The FTSE 250 group owns brands such as Robinsons, J2O, Tango and Fruit Shoot. In the 28 weeks ended 14 April, the soft drinks producer achieved profit before tax of £45.2m, an increase of 8% over the comparable period the year before, as revenue jumped by 5% to £769.2m.
Despite the shares doing well in 2019 so far – the share price is up by over 13% – it is cheap compared to rivals as its P/E is 16, a little higher than the widely-accepted value benchmark of 15, but AG Barr has a P/E of near 30 and Diageo’s is around 28. I think that Britvic is clearly underrated and despite the fairly recent introduction in the UK of the sugar tax, it is still growing and increasing its payouts to shareholders. That is something that is to be valued in the current climate of big companies taking an axe to their dividends (cough cough Vodafone).
Rising dividend
From 2014 to the last full year, 2018, the group managed to increase its total dividend by 35%. This is good news for shareholders who understandably want a dividend that is going up reliably year after year. The latest update from the company showed investors can expect more of the same, as it upped the interim dividend by 5% to 8.3p per share. I think this shows that Britvic can offer investors a combination of income – the dividend yield is 3.1% – and growth and for me that makes it very worthy of consideration for any portfolio.
Cheap as chips
Real estate investment trust (REIT), Segro (LSE: SGRO) owns, develops and manages warehouse properties in the UK and Continental Europe valued at over £9bn in 2018. Despite the share price rising by 20% so far in 2019, the P/E is a very low 7, which seems to be reflective of negativity around property companies rather than anything Segro is doing wrong itself. That means I believe the shares are looking very cheap right now putting the REIT firmly into the hidden gem basket.
Delivering well
The company says it is continuing to perform well, which really is no surprise as e-commerce drives strong demand for warehousing.

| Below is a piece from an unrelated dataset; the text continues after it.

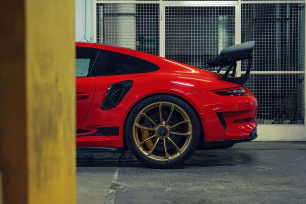 Una dettagliata close-up della Porsche 911 GT3 RS, con il retro che attira l'attenzione grazie al grande spoiler e ai cerchi dorati. La vernice rossa e i dettagli aerodinamici mettono in risalto il puro DNA da corsa di questa sportiva, pronta a offrire potenza e velocità.

While the first quarter did show a slight weakening in growth, with rent growth down versus the year before, year-on-year the REIT has been very strong. Earnings per share have gone from 16.4p in 2014 to 23.4p in 2018 while the rent roll growth has gone up over the same period from £15m to £53.5m.
The combination of operating in a growing market, the shares being very cheap and the fact that REITs have to pay out large amounts of their profits to investors, all combine to make me think Segro is a hidden gem that could boost an investor’s portfolio.